There's another thread here with screenshots:
With aliasing (I guess Linux? Looks like what I see in my Ubuntu Studio system):
Anti-aliased (must be Mac):
While these aren't the same patch (the Mac one in particular is missing the closely-angled lines, see the lower-right [t f] in the Linux screenshot), it seems fairly evident to me that the cleaner lines in Mac are easier to read. I don't see any way in which the Linux screenshot is preferable.
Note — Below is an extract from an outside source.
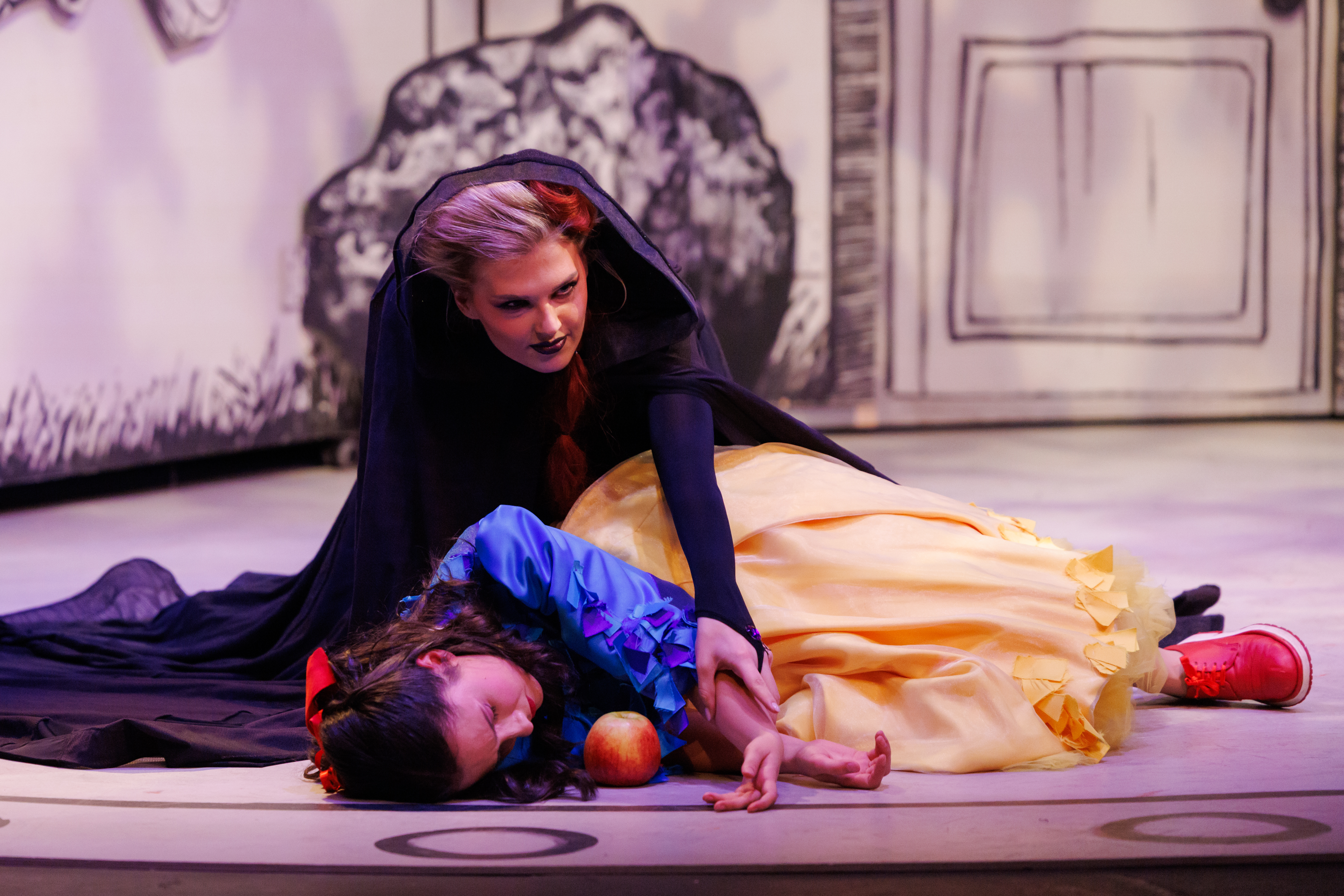 Тематски оквир интерпретације заснива се на идеји немогућности очувања спољашње лепоте. Краљица, опседнута сопственим изгледом, комуницира са својим одразом у огледалу које на њу врши притисак да мора бити најлепша. Њен сукоб са пасторком Снежаном настаје јер је она лепша, али и млађа од ње. Краљица није у стању да се помири са својим годинама и лепотом коју, упркос великом труду, не може да очува.

But anti-aliasing on/off could be a startup flag.
hjh
@ddw_music said:
it seems fairly evident to me that the cleaner lines in Mac are easier to read. I don't see any way in which the Linux screenshot is preferable
You are comparing a patch with many crossing wires with one with no crossing wires, straight forward logic and zoomed in, you literally picked the hardest to read patch and the easiest to read in that thread. Also, the linux one looks resized which does not help. Here is Il pleut's patch as I redrew it and zoomed in for a fair comparison. This is on slackware, might not look as smooth, but in no way harder to read.
@oid said:
@ddw_music said:
You are comparing a patch with many crossing wires with one with no crossing wires, straight forward logic and zoomed in, you literally picked the hardest to read patch and the easiest to read in that thread.
I get what you're saying but those points are not a factor in my comparison. I'm not considering patch complexity, only the additional visual noise of the poorly drawn diagonals.
With apologies in advance: The jagged lines in Linux look like 1995. It's 2020 already. The appearance is far, far out of date.
Here is Il pleut's patch as I redrew it and zoomed in for a fair comparison. This is on slackware, might not look as smooth, but in no way harder to read.
IMO a fair comparison is: normal screen size in Linux vs normal screen size in Mac. Zooming way way in, as your snap from slackware does, also renders the comparison unfair, in the other direction.
I do realize that zooming out in Linux makes that screenshot look worse than normal scaling, but that doesn't mean normal scaling looks good. (If it looked acceptable, I wouldn't waste time posting about this.)
Tell ya what... I'll get a couple of screenshots tomorrow, when I'm in the Mac lab and post those -- default view settings from Linux vs Mac.
hjh
I also despise how linux/windows has 'bold' for default
@ddw_music said:
IMO a fair comparison is: normal screen size in Linux vs normal screen size in Mac. Zooming way way in, as your snap from slackware does, also renders the comparison unfair, in the other direction.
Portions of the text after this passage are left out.